Only if A: you actually run disk checks, B: and only if ZFS handles the RAID!!! ZFS on top of RAID will NOT detect such errors 50% of the time (randomly depending on which disk is read from).



Low level formatting exists on modern disks. You just are not able to reformat it. There is a diagram showing it here:

http://www.anandtech.com/show/2888

Doing a full read causes every sector's ECC in the low level formatting to be checked. If something is wrong, you get a read error that can be corrected by RAID, ZFS or whatever else you are running on top of it provides redundancy. Without the ECC, the self test mechanism would be pointless as it would have no way to tell if the magnetic signals being interpreted are right or wrong.
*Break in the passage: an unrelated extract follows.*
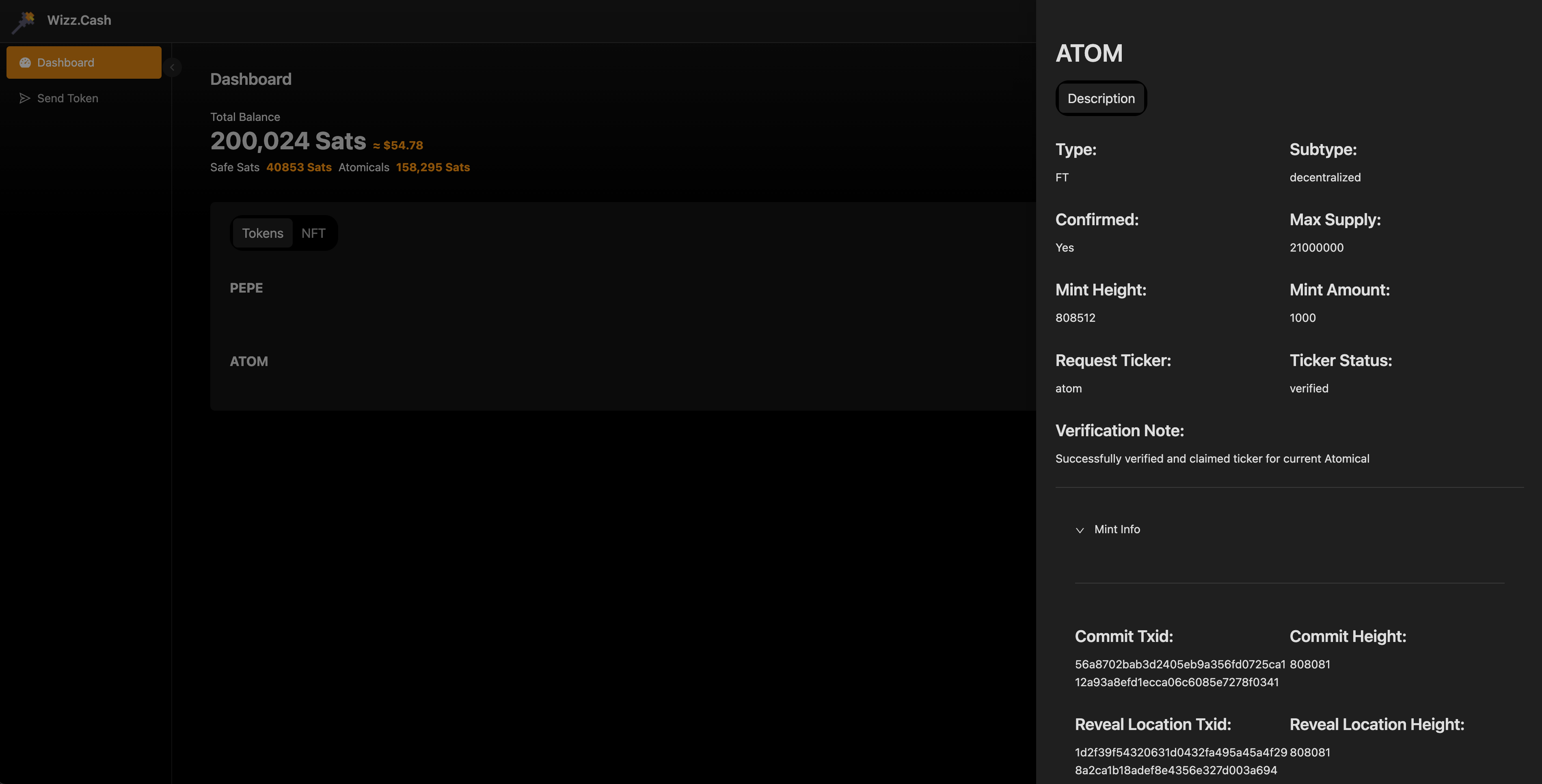 点击任何一个ARC-20代币后，可以查看代币的详细信息。

As for other RAID levels catching things. With RAID 1 and only two mirrors, there is no way to tell which is right either. The same goes for RAID 10 with two mirrors and RAID 0+1 with two mirrors. You might be able to tell with RAID 6, but such things are assumed by users rather than guaranteed. RAID was designed around the idea that uncorrectable bit errors and drive failures are the only failure states. It is incapable of handling silent corruption in general and in the few cases where it might be able to handle it, whether it does is implementation dependent. RAID 6 also degrades to RAID 5 when a disk fails and there is no way for a patrol scrub to catch a problem that occurs after it and before the next patrol scrub. RAID will happily return incorrect data, especially since only 1 mirror member is read at a given time (for performance) and only the data blocks in RAID 5/6 are read (again for performance) unless there is a disk failure.

There is no reason to use RAID with ZFS. However, ZFS will always detect silent corruption in what it reads even if it is on top of RAID. It just is not guarenteed to be able to correct it. Maybe you got the idea of "ZFS on top of RAID will NOT detect such errors 50% of the time" from thinking of a two-disk mirror. If you are using ZFS on RAID instead of letting ZFS have the disks and that happens, you really only have yourself to blame.